What should come next - for Mr. Milosevic, and more important, for the 20-plus million people of all the troubled lands that were once part of the Yugoslav federation?
Many in the West are excited at the prospect that, with Milosevic detained, the UN's war crimes tribunal in The Hague might now be able to try him. On April 6, the court's registrar handed the Yugoslav justice minister a demand for Milosevic's extradition.
Until now, however, many leaders and people in Yugoslavia's heartland republic, Serbia, still challenge the right of the international tribunal to try Milosevic. Some see the tribunal as unduly influenced by the US and its NATO allies, who just two years ago were inflicting terrible casualties on Serbian civilians, as well as soldiers, during the Kosovo-related bombings of 1999. Some, including Yugoslav President Vojislav Kostunica, see the war-crimes court as fatally biased against ethnic Serbs.
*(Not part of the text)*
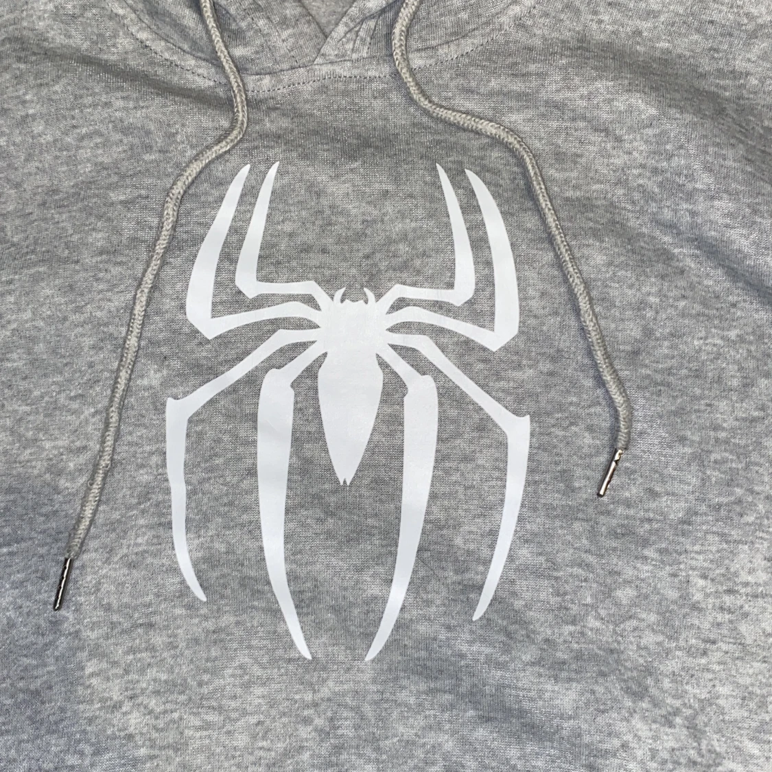 En ljusgrå spiderman Hoodie, har används 2-3 gånger. Den har mjukt material inuti, materialet på hoodien är väldigt bra.

And some Serbs, no doubt, just prefer to continue viewing members of their own ethnic group as the main victims of all of history's wrongs, rather than looking at the damage that Serbian individuals, including Milosevic, have inflicted on non-Serbs.
Other factors may also block Milosevic's speedy extradition to The Hague. The question of which level of government in Belgrade has the power to extradite him might soon become unclear. Montenegro, Serbia's junior partner in the present Yugoslav federation, is going to the polls April 22, and may vote to secede. How could new constitutional arrangements, including those affecting extradition, be worked out? All of that could take time to resolve.
Meanwhile, the same NATO powers that bombed Belgrade in 1999 now increasingly need Belgrade's support to help stabilize the strife-torn Presevo, Kosovo, and Macedonia. So even though Western leaders strenuously deny that they seek to influence the war-crimes court's work, they might now be quite happy if the court chose not to rock the diplomatic boat in the Balkans. Already, the British have indicated they don't want to press too hard for Milosevic's extradition, if that might weaken Mr. Kostunica's hold on power.
And fears of a possible pro-Milosevic backlash in Serbia may not be overdrawn. The pro-Milosevic demonstration in Belgrade on April 7 attracted only about 3,000 people - compared with the hundreds of thousands who demonstrated for Kostunica last October. But Kostunica has been in power for less than six months. He has had little time to rid the government bureaucracy of former Milosevic supporters, many of whom remain in the administration, including the security services. They could cause real trouble if they judge that their new boss is treating his predecessor unfairly.
For now, that factor seems to be pushing Kostunica against sending Milosevic to The Hague. In time, however, it may start to push the other way. In a situation of political uncertainty - and with even his own ruling coalition still unstable - Kostunica yet may come to judge it too risky for him to continue to be the one trying and punishing Milosevic. Handing him over to outsiders to deal with could well, at that point, come to seem like a smarter option.
In a real sense, though, the history of former Yugoslavia has been moving so fast that the question of Slobodan Milosevic's future has become yesterday's news. What happens to the diminished former bully-boy now seems far less important than how and when the present, risk-fraught circumstances in the former Yugoslavia can be guided to a stable outcome. That task calls for tremendous diplomatic skill, as well as a real commitment of resources by all who hope to see Serbia's fledgling democracy thrive and prosper.
Serbia, with its 10.5 million people, remains the biggest power in the whole region. The Serbian democrats won a wonderful victory when, through democratic means, they ousted Milosevic from power. Now, their most important task is to strengthen their country's culture of democracy and tolerance, as they set about rebuilding from a decade of war damage.
How best can we help them do that? What combination of truth commissions, war-crimes courts, people-to-people diplomacy, investment for regionwide rebuilding, and other mechanisms can help Serbians and their neighbors get where they now need to go?
Since the war-crimes tribunal for Yugoslavia started its work in 1993, many have hoped it could pick up where the post-World War II Nuremberg trials left off, in building an international culture where perpetrators of atrocities could be held accountable for their acts. That culture is still far away. In the meantime, though, it is worth asking how well the whole Nuremberg project of reforming Germany might have worked if it had not been followed by the huge investment in rebuilding undertaken under the Marshall Plan.
Judging or healing: In the aftermath of atrocity, which is more important? I would say healing. Let's do what we can, and invest what we must, to help all the peoples of former Yugoslavia heal.
The Bush administration's April 2 decision to free up $50 million in direct aid to Belgrade, and five times that in support from the International Monetary Fund, was wise. But Washington should do much more. Secretary of State Powell would do well to follow the playbook written by an earlier American general-turned-statesman who well understood the value of investing in regional stabilization: Gen. George C. Marshall, author of the Marshall Plan. I wonder what we might call Secretary Powell's plan?